Title: Changes in vitamin D metabolites during teriparatide treatment

Author
item COSMAN, FELICIA - Helen Hayes Hospital
item DAWSON-HUGHES, BESS - Jean Mayer Human Nutrition Research Center On Aging At Tufts University
item WAN, XIAOHAI - Eli Lilly & Company
item KREGE, JOHN H. - Eli Lilly & Company

Submitted to: Bone
Publication Type: Peer Reviewed Journal
Publication Acceptance Date: 2/29/2012
Publication Date: 6/1/2012
Citation: Cosman, F., Dawson-Hughes, B., Wan, X., Krege, J. 2012. Changes in vitamin D metabolites during teriparatide treatment. Bone. 50(6):1368-1371.

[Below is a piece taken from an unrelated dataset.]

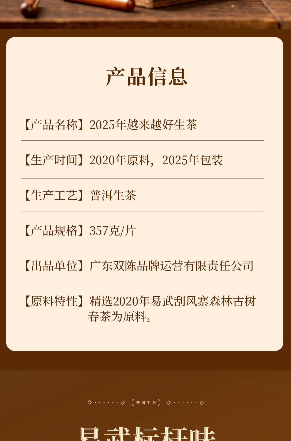 双陈普洱2025年越来越好生茶357克品牌30周年纪念茶蜜兰香澄澈山野韵悠长

Interpretive Summary: Parathyroid hormone (PTH) stimulates the conversion of 25-hydroxyvitamin D to its active form, 1,25-dihydroxyvitamin D. PTH is used as therapy to lower risk of fractures in subjects at high risk for fracture. Vitamin D is important for bone health, and the question arises as to whether subjects receiving PTH therapy may have a higher vitamin D requirement. The effect of treatment with PTH on 25-hydroxyvitamin D levels was examined in 336 women and 287 men who were treated with PTH or placebo. All subjects received 400 to 1200 IU per day of supplemental vitamin D. After one year of PTH treatment, the women had a 19% decrease and the men an 11% decrease in serum 25-hydroxyvitamin D level. Serum 25-hydroxyvitmain D changes in the placebo group were not significant. An area of potential investigation would be to assess whether subjects being treated with PTH would benefit from higher doses of vitamin D.

Technical Abstract: The objective was to assess changes in serum 1,25(OH)2D and 25(OH)D concentrations during teriparatide 20 g/day (teriparatide) therapy in the double-blind Fracture Prevention Trial of postmenopausal women with osteoporosis and male study of men with osteoporosis. Patients were randomized to teriparatide or placebo, and received daily supplements of calcium 1000 mg and vitamin D 400-1200 IU. Serum 1,25(OH)2D measured in a subset, and serum 25(OH)D measured at baseline and 12 months. In women (N=336), median 1,25(OH)2D concentrations at 1 month increased by 27% (P<0.0001) in the teriparatide group versus -3% (P=0.87) in the placebo group (P<0.0001). At 12 months, the increase was 19% (P<0.0001) in the teriparatide group versus -2% (P=0.23) in the placebo group (between group P<0.0001). Median 25(OH)D concentrations at 12 months decreased by 19% (P<0.0001) in the teriparatide group versus 0% (P=0.13) in the placebo group (P<0.0001). In men (N=287), median 1,25(OH)2D concentrations at 1 month increased by 22% (P<0.0001) in the teriparatide group versus 0% (P=0.99) in the placebo group (between group P<0.0001). At 12 months, the increase was 14% (P<0.0001) in the teriparatide group versus 5% (P=0.004) in the placebo group (P=0.17). Median 25(OH)D concentrations at 12 months decreased by 11% (P=0.001) in the teriparatide group. Treatment with teriparatide increased 1,25(OH)2D and decreased 25(OH)D.